(VOVworld) – Finance Minister Dinh Tien Dung began the National Assembly Q and A session on Tuesday. His hearing focused on public debt and Vietnam’s ability to pay its debts, the management of budget collection and spending, market price control, and the equitization of state-owned enterprises.
Minister Dung said that Vietnam’s public debt has tended to rise in recent years but has remained within a safe limit, lower than the level set by the National Assembly and the government: “The public debt to GDP ratio has not changed over recent years. It was 53.4% in 2013 lower than the 65% target set by the legislature. Vietnam’s government debt was 41.5% lower than the National Assembly’s 55% target.
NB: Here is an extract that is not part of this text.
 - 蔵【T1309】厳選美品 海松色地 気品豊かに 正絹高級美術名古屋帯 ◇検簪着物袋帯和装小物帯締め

Moderate GDP growth in the coming year and tight control of economic sustainability will maintain Vietnam’s ability to pay its debts.”
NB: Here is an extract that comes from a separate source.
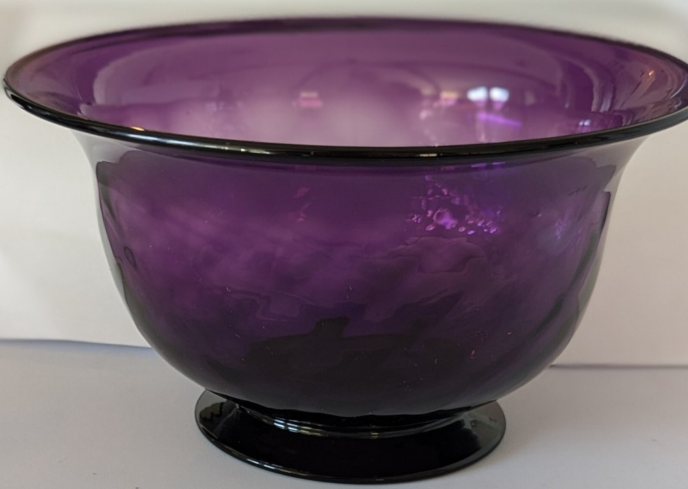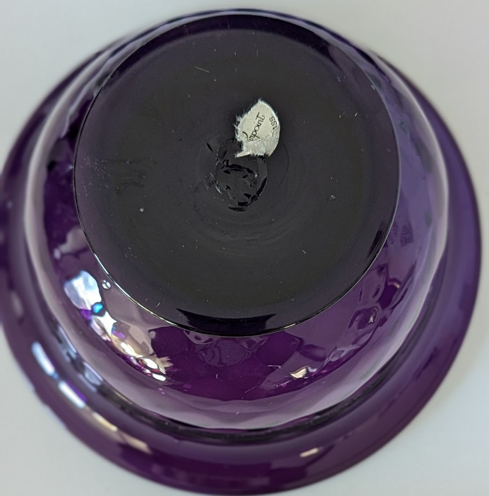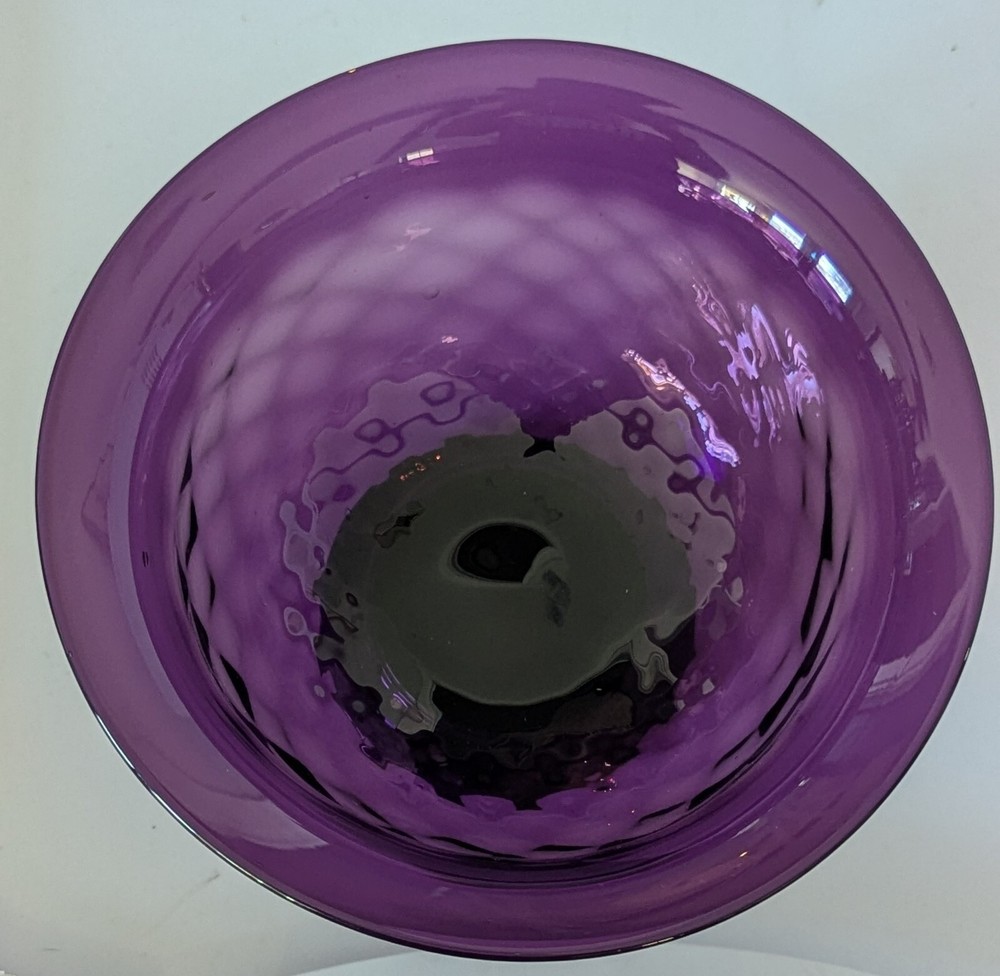 No chips or cracks. Slight shelf ware on the base. Remnants of the original Pairpoint label remain. Pairpoint Diamond Pattern Deep Amethyst Footed Bowl Pedestal 4" Tall 7.5" Dia.

Minister Dung said Vietnam’s public debts include foreign debts, low-interest ODA, government bonds, and other loans. He added that it was essential to restructure Vietnam’s public debts. He also proposed a roadmap to reduce the budget deficit: “The target is to reduce the budget deficit by 4.5% by next year and 4% by 2020. In the coming years, spending must be cut, particularly frequent expenses while improving spending effectiveness to provide the money for poverty reduction and to ensure national defense and security.”
Minister of Planning and Investment Bui Quang Vinh told the deputies that investment sources are safe and were being used for socio-economic development.